## ResNet

### 1 残差块
普通的网络结构（左）与加入残差连接的网络结构（右）:
![avatar](../resource/residual-block.svg)
在右图所示的残差块中，虚线框内要学习的是残差映射$f(x) - x$，当理想映射接近恒等映射时（即$f(x) = x$），虚线框内上方的加权运算的权重和偏差参数会被学习为0。此时的残差映射可以捕捉恒等映射的细微波动。

In [1]:
import time
import torch
from torch import nn, optim
import torch.nn.functional as F
import my_utils

device = torch.device('cuda' if torch.cuda.is_available() else 'cpu')

In [19]:
class Residual(nn.Module):
    # ResNet沿用了VGG全3×3卷积层的设计。残差块里首先有2个有相同输出通道数的3×3卷积层
    # 每个卷积层后接一个批量归一化层。然后我们将输入跳过这两个卷积运算后直接加在最后的ReLU激活函数前
    def __init__(self, in_channels, out_channels, use_1x1conv=False, stride=1):
        super(Residual, self).__init__()
        self.conv1 = nn.Conv2d(in_channels, out_channels, kernel_size=3, padding=1, stride=stride)
        self.bn1 = nn.BatchNorm2d(out_channels)
        
        self.conv2 = nn.Conv2d(out_channels, out_channels, kernel_size=3, padding=1)
        self.bn2 = nn.BatchNorm2d(out_channels)
        
        if use_1x1conv:
            # 想要改变通道数
            self.conv3 = nn.Conv2d(in_channels, out_channels, kernel_size=1, stride=stride)
        else:
            self.conv3 = None
    
    def forward(self, X):
        Y = F.relu(self.bn1(self.conv1(X)))
        Y = self.bn2(self.conv2(Y))
        
        if self.conv3:
            X = self.conv3(X)
        return F.relu(Y + X)

In [20]:
blk = Residual(3, 3)
X = torch.rand((4, 3, 6, 6))
blk(X).shape 

torch.Size([4, 3, 6, 6])

In [21]:
blk = Residual(3, 6, use_1x1conv=True, stride=2)
X = torch.rand((4, 3, 6, 6))
blk(X).shape

torch.Size([4, 6, 3, 3])

### 2 ResNet模型
ResNet第一层与GooLeNet第一层一样，在输出通道数为64、步幅为2的7×7卷积层后接步幅为2的3×3的最大池化层。

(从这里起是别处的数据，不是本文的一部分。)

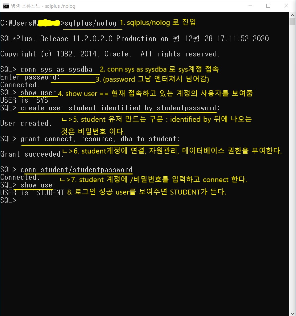 // 해결 --> student 앞에 c##를 붙여서 c##student 라고 하면 됨
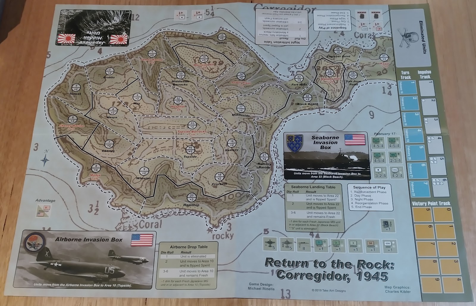 Return to the Rock is a two-player game covering the Battle for the Recapture of Corregidor, the largest of several islands in the mouth of Manilla Bay that were fortified by the US military after the Philippines became a possession of the United States in the aftermath of the Spanish American War.
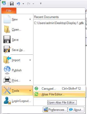 From the GraphWorX File menu, select Tools, then Alias File Editor. This opens the Edit Local Aliases dialog box.
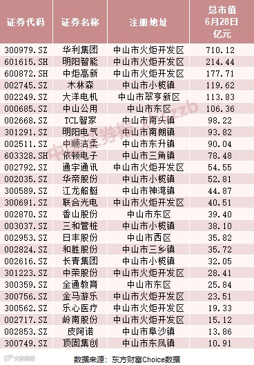 东财Choice数据显示,截至今年6月28日,A股注册地在中山的上市公司有26家,分别为华利集团、明阳智能、中炬高新、木林森、大洋电机等。

不同之处在于ResNet在卷积层后增加的批量归一化层。

In [15]:
net = nn.Sequential(
    nn.Conv2d(1, 64, kernel_size=7, stride=2, padding=3),
    nn.BatchNorm2d(64),
    nn.ReLU(),
    nn.MaxPool2d(kernel_size=3, stride=2, padding=1)
)

GoogLeNet在后面接了4个由Inception块组成的模块。ResNet则使用4个由残差块组成的模块，每个模块使用若干个同样输出通道数的残差块，第一个模块的通道数同输入通道数一致。每个模块在第一个残差块里将上一个模块的通道数翻倍，并将高和宽减半。

In [24]:
def resnet_block(in_channels, out_channels, num_residuals, first_block=False):
    if first_block:
        assert in_channels == out_channels
    blk = []
    for i in range(num_residuals):
        if i == 0 and not first_block:
            blk.append(Residual(in_channels, out_channels, use_1x1conv=True, stride=2))
        else:
            blk.append(Residual(out_channels, out_channels))
    return nn.Sequential(*blk)

In [25]:
net.add_module("resnet_block1", resnet_block(64, 64, 2, first_block=True))
net.add_module("resnet_block2", resnet_block(64, 128, 2))
net.add_module("resnet_block3", resnet_block(128, 256, 2))
net.add_module("resnet_block4", resnet_block(256, 512, 2))

In [27]:
net.add_module('global_avg_pool', my_utils.GlobalAvgPool2d())
net.add_module('fc', nn.Sequential(my_utils.FlattenLayer(), nn.Linear(512, 10)))

In [28]:
print(net)
X = torch.rand((1, 1, 224, 224))
for name, layer in net.named_children():
    X = layer(X)
    print(name, ' output shape:\t', X.shape)

Sequential(
  (0): Conv2d(1, 64, kernel_size=(7, 7), stride=(2, 2), padding=(3, 3))
  (1): BatchNorm2d(64, eps=1e-05, momentum=0.1, affine=True, track_running_stats=True)
  (2): ReLU()
  (3): MaxPool2d(kernel_size=3, stride=2, padding=1, dilation=1, ceil_mode=False)
  (resnet_block1): Sequential(
    (0): Residual(
      (conv1): Conv2d(64, 64, kernel_size=(3, 3), stride=(1, 1), padding=(1, 1))
      (bn1): BatchNorm2d(64, eps=1e-05, momentum=0.1, affine=True, track_running_stats=True)
      (conv2): Conv2d(64, 64, kernel_size=(3, 3), stride=(1, 1), padding=(1, 1))
      (bn2): BatchNorm2d(64, eps=1e-05, momentum=0.1, affine=True, track_running_stats=True)
    )
    (1): Residual(
      (conv1): Conv2d(64, 64, kernel_size=(3, 3), stride=(1, 1), padding=(1, 1))
      (bn1): BatchNorm2d(64, eps=1e-05, momentum=0.1, affine=True, track_running_stats=True)
      (conv2): Conv2d(64, 64, kernel_size=(3, 3), stride=(1, 1), padding=(1, 1))
      (bn2): BatchNorm2d(64, eps=1e-05, momentum=0.1, a

训练：

In [30]:
batch_size = 256
train_iter, test_iter = my_utils.load_data_fashion_mnist(batch_size, resize=96)

lr, num_epochs = 0.001, 5
optimizer = torch.optim.Adam(net.parameters(), lr=lr)
my_utils.train_cnn(net, train_iter, test_iter, batch_size, optimizer, device, num_epochs)